Kinerja Saham EMAS Terbaru, Masih Boncos Tapi Mulai Ngegas
Lu pada yang ngikutin saham pertambangan pasti penasaran kan sama kabar terbaru dari Merdeka Gold Resources dengan kode saham EMAS. Baru-baru ini mereka udah rilis laporan keuangan paruh pertama atau 1H26 beserta hasil earnings call. Biar nggak ketinggalan info, yuk intip gimana jeroan keuangan mereka sekarang.
Rugi Bersih Masih Ada, Tapi Laba Usaha Mulai Hijau
Buat 1H26 kemaren, EMAS masih harus catet rugi bersih sebesar US$ 14,9 juta. Emang keliatannya gede, tapi coba lu liat per kuartalnya. Pada kuartal kedua alias 2Q26, rugi bersih mereka berhasil susut jadi US$ 3,9 juta aja, jauh banget dibanding kuartal sebelumnya yang boncos US$ 10,9 juta.
Nggak cuma itu, yang bikin seru adalah EMAS akhirnya sukses cetak laba usaha US$ 10,1 juta di 2Q26 setelah sebelumnya boncos US$ 7,2 juta di 1Q26. Ini catatan laba usaha pertama mereka semenjak mulai produksi komersial Februari 2026 kemarin, dengan margin laba usaha tembus di angka 36 persen.
Gara-Gara Beban IPO Hong Kong dan Stok Emas
Kalo lu tanya kenapa masih rugi bersih padahal laba usahanya udah ciamik, jawabannya ada di beban lain-lain.
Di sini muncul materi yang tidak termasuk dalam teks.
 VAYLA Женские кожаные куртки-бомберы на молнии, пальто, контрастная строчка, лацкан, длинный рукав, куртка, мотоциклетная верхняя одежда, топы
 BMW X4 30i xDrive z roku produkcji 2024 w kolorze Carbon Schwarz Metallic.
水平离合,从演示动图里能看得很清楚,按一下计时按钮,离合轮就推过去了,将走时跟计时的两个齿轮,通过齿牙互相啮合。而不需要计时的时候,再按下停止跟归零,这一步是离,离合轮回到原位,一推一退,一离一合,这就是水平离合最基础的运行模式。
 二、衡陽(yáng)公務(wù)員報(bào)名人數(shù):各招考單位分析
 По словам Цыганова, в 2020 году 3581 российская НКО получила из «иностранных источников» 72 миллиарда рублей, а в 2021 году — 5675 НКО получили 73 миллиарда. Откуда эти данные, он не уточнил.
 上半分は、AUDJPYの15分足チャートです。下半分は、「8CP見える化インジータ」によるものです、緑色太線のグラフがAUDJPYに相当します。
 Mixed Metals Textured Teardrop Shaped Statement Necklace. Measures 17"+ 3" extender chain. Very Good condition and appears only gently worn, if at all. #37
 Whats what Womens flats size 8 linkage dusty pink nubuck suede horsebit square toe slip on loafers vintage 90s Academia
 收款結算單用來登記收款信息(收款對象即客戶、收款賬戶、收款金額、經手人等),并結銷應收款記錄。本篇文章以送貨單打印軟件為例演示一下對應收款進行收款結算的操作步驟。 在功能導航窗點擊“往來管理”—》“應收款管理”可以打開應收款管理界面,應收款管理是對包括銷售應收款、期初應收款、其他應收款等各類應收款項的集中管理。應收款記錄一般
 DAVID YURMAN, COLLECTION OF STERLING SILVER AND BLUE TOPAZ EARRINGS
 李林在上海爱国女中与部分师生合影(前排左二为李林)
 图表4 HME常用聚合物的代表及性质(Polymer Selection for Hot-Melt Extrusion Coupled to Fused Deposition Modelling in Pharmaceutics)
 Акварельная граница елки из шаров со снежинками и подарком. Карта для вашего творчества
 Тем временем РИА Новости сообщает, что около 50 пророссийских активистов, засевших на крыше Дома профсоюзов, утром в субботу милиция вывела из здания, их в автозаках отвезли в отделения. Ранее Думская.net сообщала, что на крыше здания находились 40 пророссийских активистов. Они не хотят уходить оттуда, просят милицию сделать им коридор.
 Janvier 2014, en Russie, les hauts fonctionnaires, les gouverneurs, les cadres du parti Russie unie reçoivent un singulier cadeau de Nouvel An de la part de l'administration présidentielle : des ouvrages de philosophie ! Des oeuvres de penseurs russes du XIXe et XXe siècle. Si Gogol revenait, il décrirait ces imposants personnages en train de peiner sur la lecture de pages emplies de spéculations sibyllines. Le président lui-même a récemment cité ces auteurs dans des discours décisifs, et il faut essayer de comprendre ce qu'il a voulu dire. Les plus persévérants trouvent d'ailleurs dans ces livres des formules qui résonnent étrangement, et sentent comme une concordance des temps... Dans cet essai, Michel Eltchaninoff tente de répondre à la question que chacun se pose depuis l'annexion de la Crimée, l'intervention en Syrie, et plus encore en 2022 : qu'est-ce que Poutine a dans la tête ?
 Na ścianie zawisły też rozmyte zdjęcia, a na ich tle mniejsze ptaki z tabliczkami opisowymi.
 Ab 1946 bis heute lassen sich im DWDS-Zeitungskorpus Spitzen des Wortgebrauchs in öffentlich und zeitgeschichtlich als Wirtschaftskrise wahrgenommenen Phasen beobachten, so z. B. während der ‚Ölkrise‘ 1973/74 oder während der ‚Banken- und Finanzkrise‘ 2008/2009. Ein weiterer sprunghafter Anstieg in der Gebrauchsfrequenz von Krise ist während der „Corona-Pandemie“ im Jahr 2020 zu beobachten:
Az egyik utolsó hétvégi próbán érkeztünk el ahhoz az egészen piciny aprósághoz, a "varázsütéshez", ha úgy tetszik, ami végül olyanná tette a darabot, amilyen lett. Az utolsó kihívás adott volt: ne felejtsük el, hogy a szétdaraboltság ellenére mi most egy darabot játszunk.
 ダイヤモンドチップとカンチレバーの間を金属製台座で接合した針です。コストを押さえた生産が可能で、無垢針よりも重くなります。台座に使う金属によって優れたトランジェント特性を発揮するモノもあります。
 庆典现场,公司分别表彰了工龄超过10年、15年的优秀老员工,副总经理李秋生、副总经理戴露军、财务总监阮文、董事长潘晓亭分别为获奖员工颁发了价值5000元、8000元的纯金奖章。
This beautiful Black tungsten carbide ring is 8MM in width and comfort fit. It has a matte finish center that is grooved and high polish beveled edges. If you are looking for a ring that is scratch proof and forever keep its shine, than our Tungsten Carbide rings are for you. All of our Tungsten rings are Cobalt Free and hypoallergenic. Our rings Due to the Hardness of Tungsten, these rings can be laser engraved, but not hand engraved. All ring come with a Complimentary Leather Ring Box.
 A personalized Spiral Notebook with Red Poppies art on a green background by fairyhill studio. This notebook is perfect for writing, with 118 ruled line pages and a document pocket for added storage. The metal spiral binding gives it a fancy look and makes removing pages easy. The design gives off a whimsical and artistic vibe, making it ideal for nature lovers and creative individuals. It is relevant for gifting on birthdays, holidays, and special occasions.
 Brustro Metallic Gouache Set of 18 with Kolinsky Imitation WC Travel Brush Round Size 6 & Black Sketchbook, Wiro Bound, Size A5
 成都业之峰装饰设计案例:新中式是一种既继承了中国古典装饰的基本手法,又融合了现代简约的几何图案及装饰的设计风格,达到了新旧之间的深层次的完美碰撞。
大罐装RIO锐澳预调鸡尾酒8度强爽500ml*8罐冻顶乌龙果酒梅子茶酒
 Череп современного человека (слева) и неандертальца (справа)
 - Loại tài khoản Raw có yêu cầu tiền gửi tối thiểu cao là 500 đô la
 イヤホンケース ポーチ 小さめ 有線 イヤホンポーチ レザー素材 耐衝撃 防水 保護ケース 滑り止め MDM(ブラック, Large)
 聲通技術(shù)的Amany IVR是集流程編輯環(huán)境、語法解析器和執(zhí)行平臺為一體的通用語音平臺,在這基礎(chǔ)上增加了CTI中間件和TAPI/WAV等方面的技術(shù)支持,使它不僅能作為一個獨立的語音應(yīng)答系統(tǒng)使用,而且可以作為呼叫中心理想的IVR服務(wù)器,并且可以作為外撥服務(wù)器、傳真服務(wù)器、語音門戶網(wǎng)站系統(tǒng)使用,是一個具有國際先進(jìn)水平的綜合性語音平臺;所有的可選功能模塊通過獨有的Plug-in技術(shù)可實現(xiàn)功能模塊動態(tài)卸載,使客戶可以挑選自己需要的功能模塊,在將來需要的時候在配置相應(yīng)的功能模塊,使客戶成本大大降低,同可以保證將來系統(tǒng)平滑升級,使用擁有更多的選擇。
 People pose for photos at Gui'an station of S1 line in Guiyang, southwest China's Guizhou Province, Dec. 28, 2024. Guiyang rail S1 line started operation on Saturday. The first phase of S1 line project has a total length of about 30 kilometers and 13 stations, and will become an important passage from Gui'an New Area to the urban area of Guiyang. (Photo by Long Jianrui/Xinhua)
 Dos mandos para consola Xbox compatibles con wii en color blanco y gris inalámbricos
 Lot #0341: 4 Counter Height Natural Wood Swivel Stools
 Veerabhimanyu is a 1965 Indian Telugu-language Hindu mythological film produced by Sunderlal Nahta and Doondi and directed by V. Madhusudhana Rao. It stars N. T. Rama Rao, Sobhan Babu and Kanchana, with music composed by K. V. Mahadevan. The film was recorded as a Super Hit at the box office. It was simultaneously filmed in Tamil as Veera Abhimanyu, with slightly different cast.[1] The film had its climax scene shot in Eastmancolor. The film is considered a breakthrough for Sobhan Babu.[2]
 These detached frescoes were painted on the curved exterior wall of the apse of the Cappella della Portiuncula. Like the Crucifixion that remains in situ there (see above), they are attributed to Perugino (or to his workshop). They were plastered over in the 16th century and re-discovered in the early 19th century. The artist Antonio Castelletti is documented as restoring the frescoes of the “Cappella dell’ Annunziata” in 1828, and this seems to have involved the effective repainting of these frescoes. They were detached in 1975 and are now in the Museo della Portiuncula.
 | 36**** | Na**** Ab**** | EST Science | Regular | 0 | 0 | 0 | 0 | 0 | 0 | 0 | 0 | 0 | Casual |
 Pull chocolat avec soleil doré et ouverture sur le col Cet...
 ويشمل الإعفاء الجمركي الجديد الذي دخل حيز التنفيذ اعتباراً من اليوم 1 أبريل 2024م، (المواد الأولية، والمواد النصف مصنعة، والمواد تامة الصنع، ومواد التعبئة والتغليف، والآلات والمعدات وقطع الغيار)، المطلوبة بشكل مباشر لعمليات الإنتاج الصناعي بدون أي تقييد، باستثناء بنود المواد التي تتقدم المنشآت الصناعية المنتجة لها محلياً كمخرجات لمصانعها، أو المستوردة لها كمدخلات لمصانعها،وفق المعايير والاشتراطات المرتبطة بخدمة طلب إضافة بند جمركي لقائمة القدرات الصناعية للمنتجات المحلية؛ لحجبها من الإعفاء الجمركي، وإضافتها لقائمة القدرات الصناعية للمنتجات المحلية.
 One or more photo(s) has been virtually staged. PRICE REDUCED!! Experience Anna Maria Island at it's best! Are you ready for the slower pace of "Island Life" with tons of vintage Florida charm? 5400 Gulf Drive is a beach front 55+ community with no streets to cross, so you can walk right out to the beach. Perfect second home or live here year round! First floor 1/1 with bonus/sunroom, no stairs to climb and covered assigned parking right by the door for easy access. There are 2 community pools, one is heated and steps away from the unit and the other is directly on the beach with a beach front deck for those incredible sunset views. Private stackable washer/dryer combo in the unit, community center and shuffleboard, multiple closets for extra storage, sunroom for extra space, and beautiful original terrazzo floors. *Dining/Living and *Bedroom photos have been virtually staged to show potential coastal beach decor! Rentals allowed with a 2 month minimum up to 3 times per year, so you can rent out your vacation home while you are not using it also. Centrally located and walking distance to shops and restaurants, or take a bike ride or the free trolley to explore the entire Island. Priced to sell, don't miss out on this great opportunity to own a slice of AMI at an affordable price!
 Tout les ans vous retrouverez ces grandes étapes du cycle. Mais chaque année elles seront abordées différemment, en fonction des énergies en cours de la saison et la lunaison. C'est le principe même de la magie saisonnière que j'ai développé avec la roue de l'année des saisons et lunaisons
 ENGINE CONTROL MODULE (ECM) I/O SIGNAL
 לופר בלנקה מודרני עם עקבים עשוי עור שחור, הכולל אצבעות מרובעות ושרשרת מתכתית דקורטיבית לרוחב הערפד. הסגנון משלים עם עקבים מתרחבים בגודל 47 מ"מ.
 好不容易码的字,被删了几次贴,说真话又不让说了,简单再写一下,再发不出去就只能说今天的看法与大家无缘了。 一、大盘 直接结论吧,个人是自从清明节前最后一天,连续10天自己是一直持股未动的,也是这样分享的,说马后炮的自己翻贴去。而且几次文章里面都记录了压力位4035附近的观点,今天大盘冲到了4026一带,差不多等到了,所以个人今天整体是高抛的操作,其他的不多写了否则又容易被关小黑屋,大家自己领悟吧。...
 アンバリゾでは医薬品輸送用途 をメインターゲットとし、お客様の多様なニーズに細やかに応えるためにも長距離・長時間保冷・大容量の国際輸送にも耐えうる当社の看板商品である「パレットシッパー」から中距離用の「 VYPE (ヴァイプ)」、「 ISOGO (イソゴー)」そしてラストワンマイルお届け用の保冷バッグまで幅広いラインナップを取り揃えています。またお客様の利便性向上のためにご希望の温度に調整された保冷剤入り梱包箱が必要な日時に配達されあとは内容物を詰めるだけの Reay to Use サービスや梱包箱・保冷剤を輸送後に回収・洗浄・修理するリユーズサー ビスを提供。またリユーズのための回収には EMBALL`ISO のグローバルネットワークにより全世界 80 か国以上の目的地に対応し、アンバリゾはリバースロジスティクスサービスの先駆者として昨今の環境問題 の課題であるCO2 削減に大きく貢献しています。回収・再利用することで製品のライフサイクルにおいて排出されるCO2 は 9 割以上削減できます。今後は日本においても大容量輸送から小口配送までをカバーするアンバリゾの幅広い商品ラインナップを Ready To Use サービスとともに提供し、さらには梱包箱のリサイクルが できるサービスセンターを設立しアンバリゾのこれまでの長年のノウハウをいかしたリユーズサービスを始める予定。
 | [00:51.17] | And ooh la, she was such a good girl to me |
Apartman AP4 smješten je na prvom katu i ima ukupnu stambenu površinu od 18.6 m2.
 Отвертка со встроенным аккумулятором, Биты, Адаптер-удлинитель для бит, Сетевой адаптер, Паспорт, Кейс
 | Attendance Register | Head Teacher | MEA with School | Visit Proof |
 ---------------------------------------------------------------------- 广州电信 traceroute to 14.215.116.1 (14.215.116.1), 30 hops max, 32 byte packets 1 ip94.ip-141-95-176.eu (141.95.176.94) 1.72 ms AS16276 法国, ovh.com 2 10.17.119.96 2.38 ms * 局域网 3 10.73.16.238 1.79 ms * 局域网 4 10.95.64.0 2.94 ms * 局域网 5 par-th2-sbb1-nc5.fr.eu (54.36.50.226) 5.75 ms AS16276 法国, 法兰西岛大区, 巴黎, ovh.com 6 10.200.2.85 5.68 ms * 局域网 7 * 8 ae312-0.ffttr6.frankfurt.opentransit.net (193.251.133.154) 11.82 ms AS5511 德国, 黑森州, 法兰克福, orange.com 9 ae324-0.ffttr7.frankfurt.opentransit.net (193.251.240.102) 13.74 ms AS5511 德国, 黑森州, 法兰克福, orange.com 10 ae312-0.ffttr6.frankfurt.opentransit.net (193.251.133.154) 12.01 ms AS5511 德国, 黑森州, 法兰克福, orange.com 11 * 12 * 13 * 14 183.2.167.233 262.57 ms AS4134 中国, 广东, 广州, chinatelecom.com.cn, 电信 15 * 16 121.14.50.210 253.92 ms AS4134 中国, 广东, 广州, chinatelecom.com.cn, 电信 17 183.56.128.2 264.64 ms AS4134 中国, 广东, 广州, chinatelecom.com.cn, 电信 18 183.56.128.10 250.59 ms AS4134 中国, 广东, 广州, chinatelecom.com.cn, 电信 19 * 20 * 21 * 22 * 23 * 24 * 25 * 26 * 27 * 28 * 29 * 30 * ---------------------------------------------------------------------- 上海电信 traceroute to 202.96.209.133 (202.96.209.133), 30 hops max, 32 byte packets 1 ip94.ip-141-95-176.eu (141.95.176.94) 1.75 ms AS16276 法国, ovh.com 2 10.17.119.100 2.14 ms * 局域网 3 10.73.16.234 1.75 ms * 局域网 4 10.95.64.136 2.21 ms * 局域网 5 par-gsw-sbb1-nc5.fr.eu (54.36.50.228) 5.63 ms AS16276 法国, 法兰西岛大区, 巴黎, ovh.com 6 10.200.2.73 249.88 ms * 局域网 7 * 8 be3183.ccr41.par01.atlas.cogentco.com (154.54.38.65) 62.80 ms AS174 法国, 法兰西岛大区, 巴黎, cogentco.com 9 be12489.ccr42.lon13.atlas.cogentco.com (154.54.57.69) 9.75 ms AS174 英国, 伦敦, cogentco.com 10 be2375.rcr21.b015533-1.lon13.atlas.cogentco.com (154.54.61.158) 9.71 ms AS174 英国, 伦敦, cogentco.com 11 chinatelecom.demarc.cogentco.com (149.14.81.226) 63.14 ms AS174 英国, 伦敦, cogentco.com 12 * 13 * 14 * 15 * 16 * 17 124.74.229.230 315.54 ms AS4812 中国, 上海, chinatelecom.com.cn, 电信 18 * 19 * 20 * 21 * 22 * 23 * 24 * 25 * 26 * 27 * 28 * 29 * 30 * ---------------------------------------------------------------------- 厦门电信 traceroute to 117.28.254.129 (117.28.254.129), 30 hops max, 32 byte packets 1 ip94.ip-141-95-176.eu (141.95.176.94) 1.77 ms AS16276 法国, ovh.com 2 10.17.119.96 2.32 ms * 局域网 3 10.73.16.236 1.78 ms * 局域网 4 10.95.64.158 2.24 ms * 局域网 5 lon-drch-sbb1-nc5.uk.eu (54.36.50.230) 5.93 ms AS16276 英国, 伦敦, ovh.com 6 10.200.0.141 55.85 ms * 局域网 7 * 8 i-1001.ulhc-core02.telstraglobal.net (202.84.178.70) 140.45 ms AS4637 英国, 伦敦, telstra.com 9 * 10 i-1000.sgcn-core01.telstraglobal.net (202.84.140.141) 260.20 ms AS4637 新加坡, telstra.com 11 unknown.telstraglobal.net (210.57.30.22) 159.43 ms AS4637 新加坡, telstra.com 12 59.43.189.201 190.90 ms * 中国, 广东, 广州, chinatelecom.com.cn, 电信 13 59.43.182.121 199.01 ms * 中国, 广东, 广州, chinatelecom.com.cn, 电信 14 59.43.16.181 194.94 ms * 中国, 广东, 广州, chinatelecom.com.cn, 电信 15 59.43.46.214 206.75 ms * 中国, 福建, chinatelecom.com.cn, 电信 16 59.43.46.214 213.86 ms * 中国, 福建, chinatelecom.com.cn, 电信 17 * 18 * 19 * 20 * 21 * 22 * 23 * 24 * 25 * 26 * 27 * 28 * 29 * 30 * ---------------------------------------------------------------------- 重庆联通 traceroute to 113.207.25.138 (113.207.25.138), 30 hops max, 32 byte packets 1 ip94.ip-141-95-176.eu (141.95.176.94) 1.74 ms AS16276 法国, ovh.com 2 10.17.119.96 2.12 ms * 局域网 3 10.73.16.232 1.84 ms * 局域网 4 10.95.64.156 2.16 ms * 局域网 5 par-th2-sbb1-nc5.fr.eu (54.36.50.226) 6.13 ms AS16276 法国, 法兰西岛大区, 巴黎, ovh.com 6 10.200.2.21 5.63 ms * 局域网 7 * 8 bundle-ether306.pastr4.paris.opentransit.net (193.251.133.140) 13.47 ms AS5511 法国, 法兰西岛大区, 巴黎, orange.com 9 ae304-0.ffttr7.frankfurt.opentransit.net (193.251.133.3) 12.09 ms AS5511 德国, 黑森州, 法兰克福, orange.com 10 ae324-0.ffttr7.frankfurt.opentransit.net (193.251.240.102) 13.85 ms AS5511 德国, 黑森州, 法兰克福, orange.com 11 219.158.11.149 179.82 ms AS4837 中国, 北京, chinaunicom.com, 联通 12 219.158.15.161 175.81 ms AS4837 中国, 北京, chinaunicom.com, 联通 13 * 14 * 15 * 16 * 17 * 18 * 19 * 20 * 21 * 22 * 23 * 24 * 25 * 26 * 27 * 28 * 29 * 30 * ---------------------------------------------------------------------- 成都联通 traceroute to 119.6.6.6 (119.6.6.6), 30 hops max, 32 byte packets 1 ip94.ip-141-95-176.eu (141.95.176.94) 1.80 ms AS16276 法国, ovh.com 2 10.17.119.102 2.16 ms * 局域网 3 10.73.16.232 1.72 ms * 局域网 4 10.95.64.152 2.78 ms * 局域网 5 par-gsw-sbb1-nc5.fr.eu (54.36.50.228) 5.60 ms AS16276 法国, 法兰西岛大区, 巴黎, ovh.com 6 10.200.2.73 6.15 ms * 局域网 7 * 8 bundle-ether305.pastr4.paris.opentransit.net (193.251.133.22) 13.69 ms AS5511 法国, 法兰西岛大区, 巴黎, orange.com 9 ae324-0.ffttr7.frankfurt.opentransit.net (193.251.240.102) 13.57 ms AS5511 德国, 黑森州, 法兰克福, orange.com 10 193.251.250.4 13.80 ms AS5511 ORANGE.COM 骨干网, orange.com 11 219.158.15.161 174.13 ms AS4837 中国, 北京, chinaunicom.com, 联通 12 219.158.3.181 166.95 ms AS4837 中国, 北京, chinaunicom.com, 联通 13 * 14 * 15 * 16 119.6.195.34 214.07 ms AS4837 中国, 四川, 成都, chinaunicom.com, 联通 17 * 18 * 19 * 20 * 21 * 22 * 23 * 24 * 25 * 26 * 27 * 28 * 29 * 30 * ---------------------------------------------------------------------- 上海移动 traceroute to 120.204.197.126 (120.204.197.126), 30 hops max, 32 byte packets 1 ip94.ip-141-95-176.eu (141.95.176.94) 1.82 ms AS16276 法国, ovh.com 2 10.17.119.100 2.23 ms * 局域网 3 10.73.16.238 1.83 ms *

Di 2Q26 ada beban one-off alias sekali bayar buat pencatatan saham alias IPO di Hong Kong sebesar US$ 7,3 juta. Coba kalau beban itu nggak dihitung, sebenarnya EMAS udah untung bersih US$ 3,3 juta.
Selain itu, lonjakan pendapatan jadi US$ 28,2 juta di 2Q26 didorong sama volume penjualan emas yang naik jadi 6.439 oz. Uniknya, dari data produksi dan penjualan, masih ada sekitar 10.457 oz emas yang belum terjual sampai akhir 1H26. Artinya, masih ada potensi cuan tersimpan buat kuartal berikutnya.
Target Produksi Paruh Kedua Bikin Optimis
Emang sih produksi emas 1H26 baru di angka 17.412 oz atau baru memenuhi sekitar 15 sampe 17 persen dari target tahun 2026 yang dipatok di kisaran 100 sampe 115 ribu oz. Tapi manajemen nggak pusing dan tetap pede target itu bakal tercapai.
Mereka ngebut target produksi sekitar 30 ribu oz di 3Q26 dan bakal meledak jadi sekitar 50 ribu oz di 4Q26. Caranya gimana? Manajemen nambah kapasitas crushing biar laju stacking bijih makin ngebut sampai 3 juta ton di 3Q26. Ditambah lagi, cash cost di luar royalti diprediksi bakal tetap aman di bawah US$ 1.000 per oz berkat armada baru.
Gimana bro, lu udah siap serok atau masih mau pantau pergerakan EMAS dulu nih?